## The data
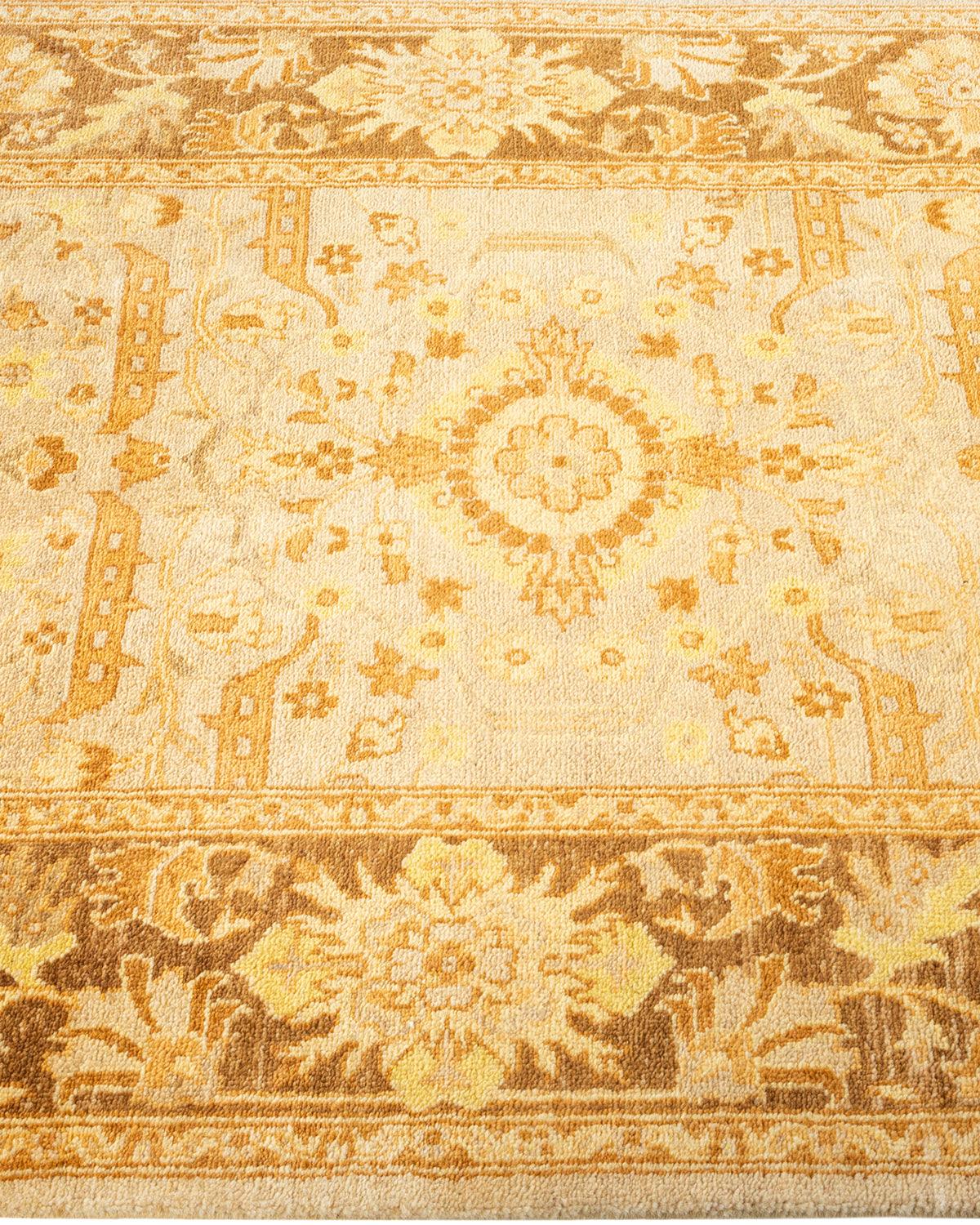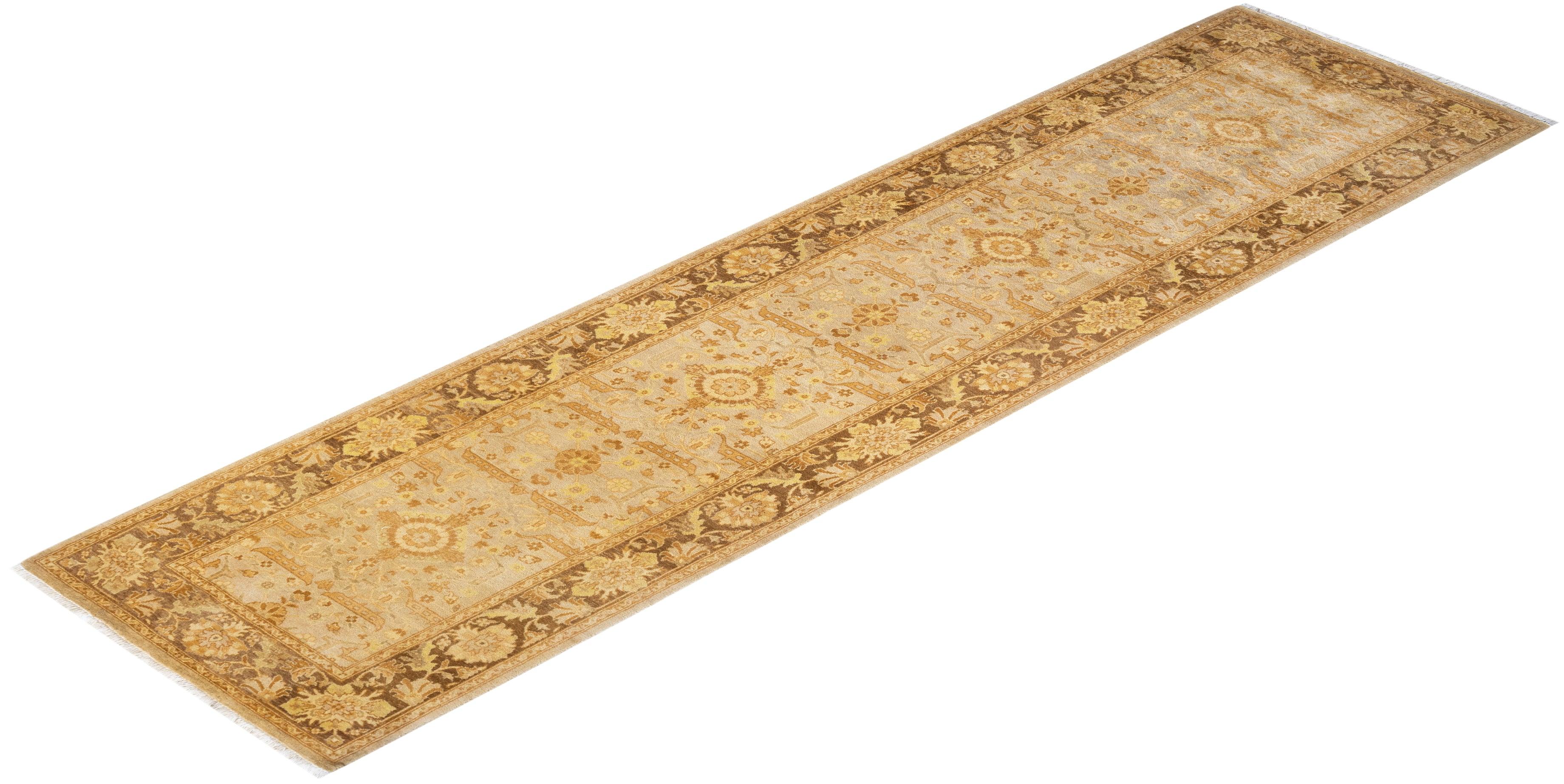 Contemporary Hand Knotted Eclectic Oriental Ivory Runner 3' 0" x 11' 10"
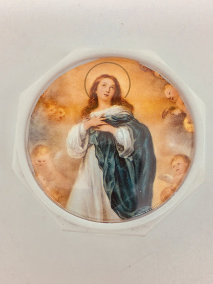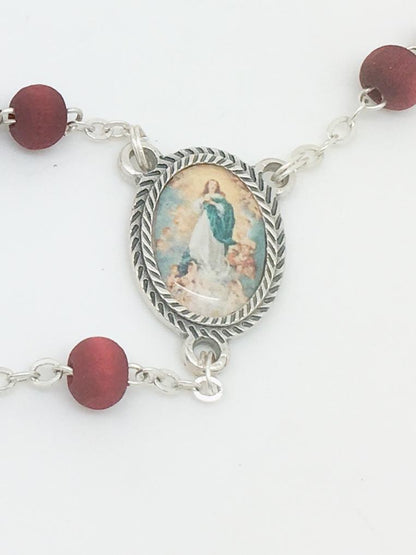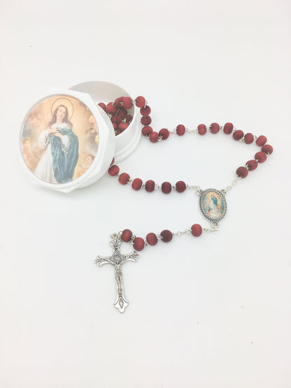 Immaculate Conception Wood Rose Scented Rosary. The image on the rosary center matches the plastic box.
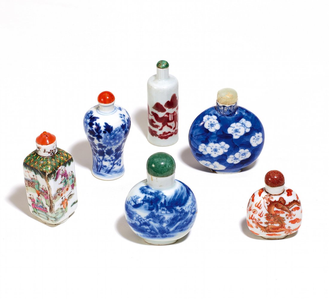 Six snuffbottles in Porcelain

## Required action
Give back all of the data exactly, but not the pictures.

## Exercise response
 Contemporary Hand Knotted Eclectic Oriental Ivory Runner 3' 0" x 11' 10"
 Immaculate Conception Wood Rose Scented Rosary. The image on the rosary center matches the plastic box.
 Six snuffbottles in Porcelain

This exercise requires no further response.